Mothwing couldn’t help but snort. 

“Young cats are so impatient.” 

“Aren’t they just?” Mothwing returned. “It gets things done.” She shook her head. “I never had all that, and if you knew me at all you’d know that. I came from nothing. Like recognizes like. I always knew the night was nothing but darkness.” She huffed, drawing her tail closer to her body. It wrapped like a shield around her paws. 

Bluestar reached up into the sky and leapt, her powerful back legs flexing as she almost flew through the air. When she landed, she held something between her paws. 

Tears pricked at the corners of Mothflight’s eyes when she saw what it was: an injured moth, flapping weakly against the ground with its good wing, the other a ribbon of laceration.

“Why would you do that?” Mothwing whirled to face Bluestar, claws digging into the soft sand. “Look at it! It’s can’t even fly now-- it’s going to drown!” 

Bluestar dipped her nose to the sand and blinked slowly. 

“Don’t touch it!” Mothwing cried. “Haven’t you hurt her enough?” 

Bluestar lifted her head to reveal the moth’s other wing in her jaws.
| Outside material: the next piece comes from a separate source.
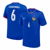 Step onto the pitch with the iconic France Home Soccer Jersey featuring #9 Giroud, a symbol of French football excellence. This striking blue jersey pays homage to Les Bleus’ rich history, highlighted by the classic rooster emblem and two championship stars that celebrate France’s proud legacy. The sharp red and white accents on the collar and cuffs nod to the nation’s tricolor flag, blending tradition with modern style.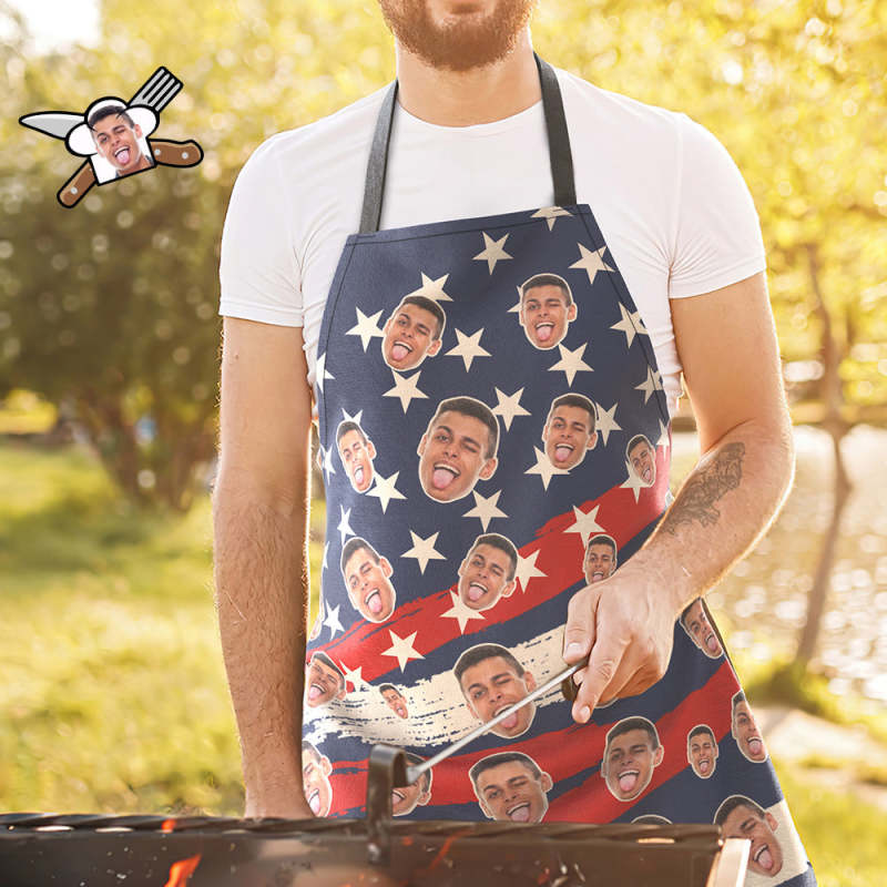 Custom Face Kitchen Apron Father's Day Gifts - Star

Tail lashing, Mothwing lashed to bat it out of Bluestar’s mouth. “Why are you being so cruel?”

Silent, Bluestar let the wing fall to the ground. Beside it, the now wingless moth was crawling along the dirt. As Mothwing watched, its segmented body grew longer and larger. Her eyes widened as the moth’s legs turned to talons and feathers sprouted out of its broken wings. Long legs and a sharp beak stared back up at her before it set to flight. 

“The stars failed me as well. And it hurt,” Bluestar said. “Though I feel clear now, my last life was one guided only by fear. I feared betrayal, I feared death, and I feared the cold, harsh judgement of a Starclan that found me wanting. As my eyes became clouded by my mind, I lost sight of the stars.” 

“You had been abandoned,” Mothwing murmured. The things she had seen today…”But I always knew better. I was taught to ask questions and wonder in ways that do not allow for belief like that-- I had nothing to lose.” She let out a bitter bark of laughter. “I’m simply alone. I always have been.” 

Bluestar’s eyes cut like claws in her pelt. “Have you learned nothing?” She snapped, cool as ice. 

Mothwing shrunk against her words, and Bluestar’s eyes narrowed. “Perhaps I am too harsh. It has been a while since I have taught anyone. You love your clan. You love your kin, your friends, and you serve them as best you can, do you not?” 

Mothwing shrugged, uncomfortable under her gaze. “As you said, I do the best I can. Not everyone would assume that’s any good, though.” 

“And you would follow your brother to the end of the world because you feel he is the only thing tying you to it.” 

“So?” Mothwing shot back. “Is that so wrong?” 

“I too loved someone as kin-- and Fireheart, --star, now, I would have followed until the sun fell down, because he was all that seemed real to me in the end. He was the anchor around which the world seemed to spin. Is that how it is for you?” 

Mothwing swallowed, nodded. Love hurt, but it was meant to. It was all she had. 

“I understand. I am not here to say that you need to abandon your kin, your beliefs, and follow the paths of those who have come before,” Bluestar started. “I am here to tell you cannot heal without finding faith-- and yes,” Bluestar said, cutting Mothwing off before she had a chance to protest. “I know it is exactly faith that you lack. But there are more things to believe in than Starclan.” 

“I don’t understand. The only things that need to be believed in are the things you cannot see-- and what else is there invisible other than Starclan?”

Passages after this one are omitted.